Case study: Allen & Overy
London-based international law firm Allen & Overy's data centre strategy
The two key planks of London-based international law firm Allen & Overy's data centre strategy hinge on risk management and cost effectiveness.
In response to the first impetus, the organisation, which employs 4,900 staff in 25 countries, has hired an outsourcing supplier to provide it with disaster recovery facilities in Winnersh, near Reading.
The £5.5m deal with Savvis was signed in July 2005 and is expected to last for five-and-a-half years.
Andrew Brammer, head of global IT operations for Allen & Overy, says the catalyst for outsourcing was moving headquarters to Spitalfields in London.
‘The actual outsourcing itself was cost-neutral as we already ran a disaster recovery facility in Vauxhall, but we felt that we could manage risk more effectively if we moved further out of the geographical centre of London and critically, if we separated our people from our data,’ he says.
While the two used to be housed together at the same site in the City, the fear was that in the event of a disaster, both would be affected simultaneously and the business could not operate.
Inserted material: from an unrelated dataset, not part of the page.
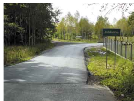
Granica z Legionowem zyskała zupełnie nowy wygląd i jakość

Od 30 września sprawniej można ponadto dojechać także do Chotomowa, od strony Gminy Wieliszew. Tego właśnie dnia oficjalnie oddano do użytku drogę prowadzącą ze Skrzyszewa do Chotomowa, zwaną popularnie „Schemynówką”. Oficjalnego odbioru dokonali

‘We provide a strong remote working capability, so if we suffered any threat that denied us access to the building, we could continue working remotely from home or a business recovery centre,’ says Brammer.
‘But if we lost Savvis’ data centre capability, which is unlikely, we would be able to do disaster recovery from the data centre at the office.’
The Winnersh data centre now houses all of Allen & Overy’s production systems. The Spitalfields site, meanwhile, will hold the firm’s disaster recovery infrastructure, including a replicated storage area network to mirror data in real time, and its development and control testing systems.
The transfer of head office to Spitalfields and its 2,500 personnel, which includes 207 IT staff, is due to take place by the end of the year.
The second big driver for outsourcing the data centre was finding ways to run IT more cost-effectively.
‘Over the past 18 months, we have been undertaking a big programme of consolidation, rationalisation and virtualisation,’ says Brammer.
‘We have taken out about 35 per cent of the cost of running our estate by reducing our enterprise server footprint, which has an impact at all levels in terms of software licences and support.
‘By reducing the numbers, you reduce the effort involved in managing it.’
The firm has standardised on HP as its sole hardware supplier and runs only the Microsoft Windows 2003 or Server 2000 operating systems.
But Brammer says the firm continues to look for opportunities to consolidate further, and will use technologies such a VMware and Citrix to free up more equipment.
This consolidation policy will also be broadened out to cover Allen & Overy’s 25 data centres worldwide, starting from next year.
A major two-year programme will see the firm create three regional hubs in London, Hong Kong and New York, in a move expected to generate cost efficiencies, improved risk management and ease of deployment. A smaller data centre in Dubai will also remain in place.
‘Significant efficiencies can be gained from bringing hardware back to a single point,’ says Brammer.
‘‘You get to make real cost savings, but you also gain greater availability and resilience as everything is on a single piece of enterprise hardware,’ says Brammer.